◆ TASK
For this exercise, output exactly and only the lines running from the one with "2007年4月4日,省民政厅副厅长黄永正到村文化中心调研" through the final line of the data below, without pictures.

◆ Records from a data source
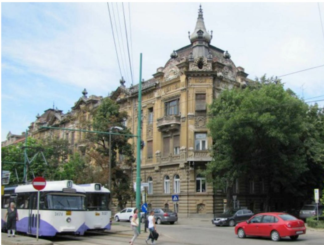
Palatul lui Steiner Miksa.
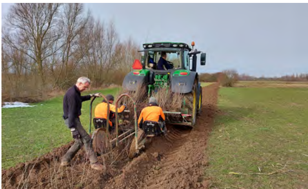
Werkzaamheden Rosandse Polder

Er zijn vijftien Natura 2000-gebieden in Gelderland, waarvan Rijnstrangen er één is. De provincie werkt in deze gebieden aan het beschermen, herstellen en versterken van de natuur. In de Rosandse Polder betaalt de provincie het merendeel van de kosten van de beplanting en de aanleg van landschapselementen. Ook compenseert de provincie de waardedaling voor omvorming van agrarische grond naar natuurgrond. Stichting Twickel beheert straks de gronden en maakt daarvoor gebruik van de provinciale subsidieregeling voor Agrarisch Natuur- en Landschapsbeheer (ANLb).
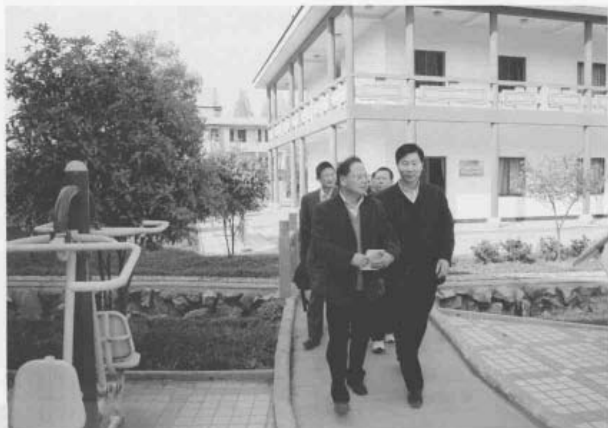
2007年4月4日,省民政厅副厅长黄永正到村文化中心调研
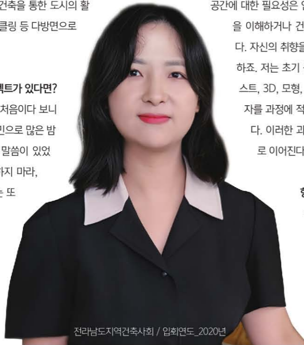
전라남도지역건축사회 / 임회연도_2020년

개소 후 처음 진행했던 첫 프로젝트입니다. 처음이다 보니 굉장한 부담감으로 아무것도 할 수 없어 고민으로 많은 밤을 지새웠습니다. 그때 은사님께서 해주신 말씀이 있었습니다. 첫 작품에 모든 것을 쏟아부으려 하지 마라, 올해의 너의 생각이 만든 작품이고 내년에는 또 다른 생각으로 새로운 것을 할 것이다, 모두가 너의 설계를 좋아할 수는 없지만 널 좋아하는 사람이 널 찾을 것이다, 화려한 건물보다 예산에 맞추어 잘 해내는 것도 중요하다 등과 같은 말들이 지금도 기억에 남아 있습니다. 첫 프로젝트를 진행하면서 과도한 디자인 욕심을 내려놓
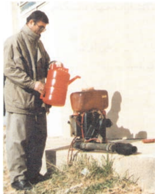
شکل ۲۴-۳- پر کردن مخزن شعله افکن
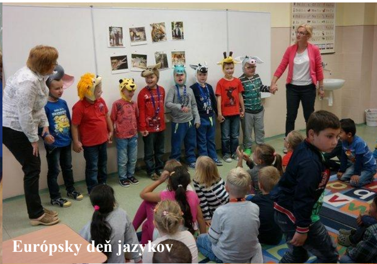
Európsky deň jazykov
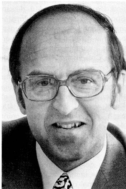
Kurt Furgler Bundespräsident Vorsteher des Eidgenössischen Justiz- und Polizeidepartementes
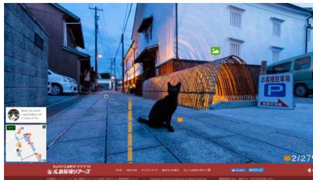
画面イメージ④(ストリートビュー画面)
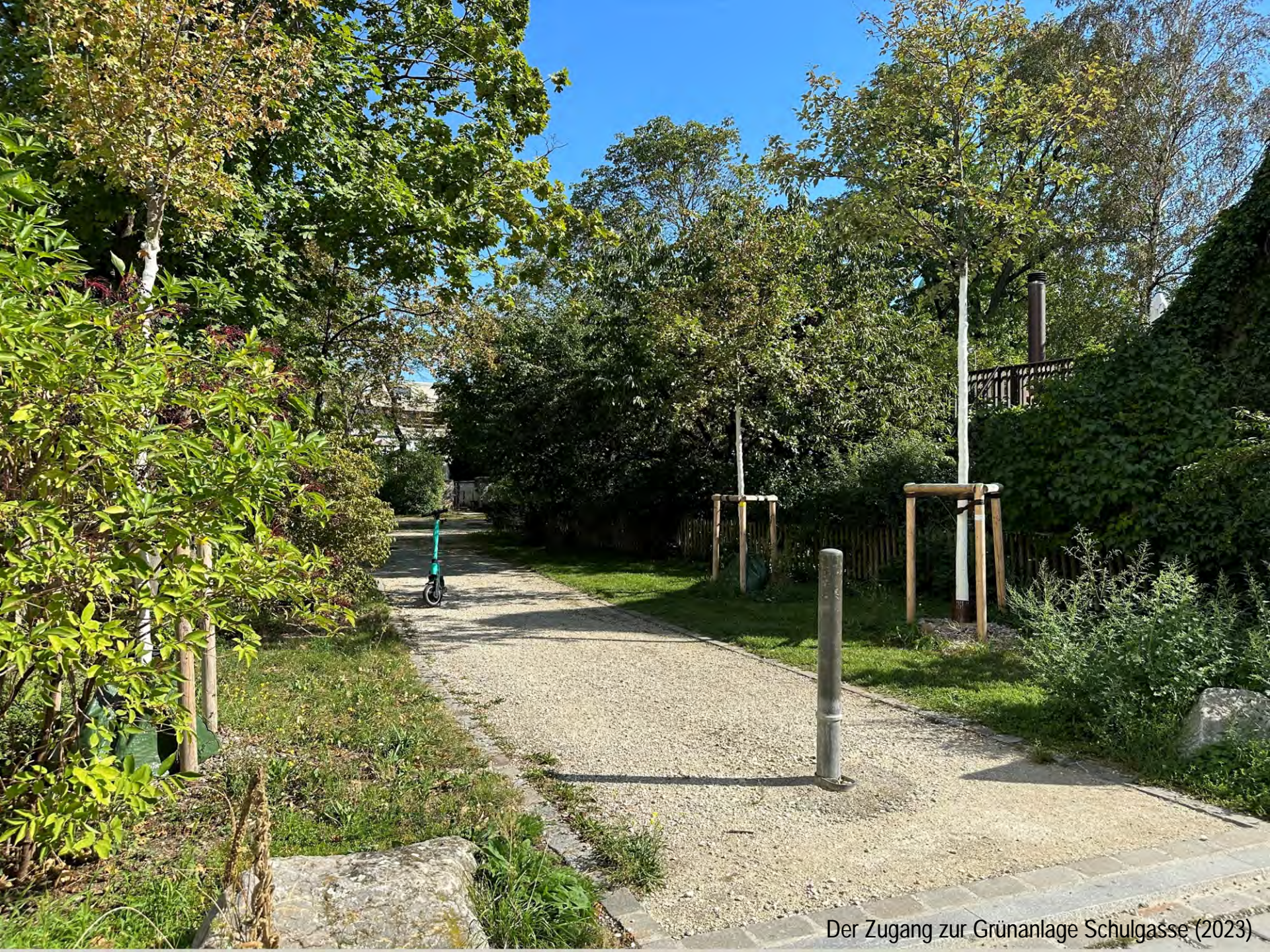
Der Zugang zur Grünanlage Schulgasse (2023)

◆ OUTPUT FOR THIS EXERCISE
2007年4月4日,省民政厅副厅长黄永正到村文化中心调研
전라남도지역건축사회 / 임회연도_2020년

개소 후 처음 진행했던 첫 프로젝트입니다. 처음이다 보니 굉장한 부담감으로 아무것도 할 수 없어 고민으로 많은 밤을 지새웠습니다. 그때 은사님께서 해주신 말씀이 있었습니다. 첫 작품에 모든 것을 쏟아부으려 하지 마라, 올해의 너의 생각이 만든 작품이고 내년에는 또 다른 생각으로 새로운 것을 할 것이다, 모두가 너의 설계를 좋아할 수는 없지만 널 좋아하는 사람이 널 찾을 것이다, 화려한 건물보다 예산에 맞추어 잘 해내는 것도 중요하다 등과 같은 말들이 지금도 기억에 남아 있습니다. 첫 프로젝트를 진행하면서 과도한 디자인 욕심을 내려놓
شکل ۲۴-۳- پر کردن مخزن شعله افکن
Európsky deň jazykov
Kurt Furgler Bundespräsident Vorsteher des Eidgenössischen Justiz- und Polizeidepartementes
画面イメージ④(ストリートビュー画面)
Der Zugang zur Grünanlage Schulgasse (2023)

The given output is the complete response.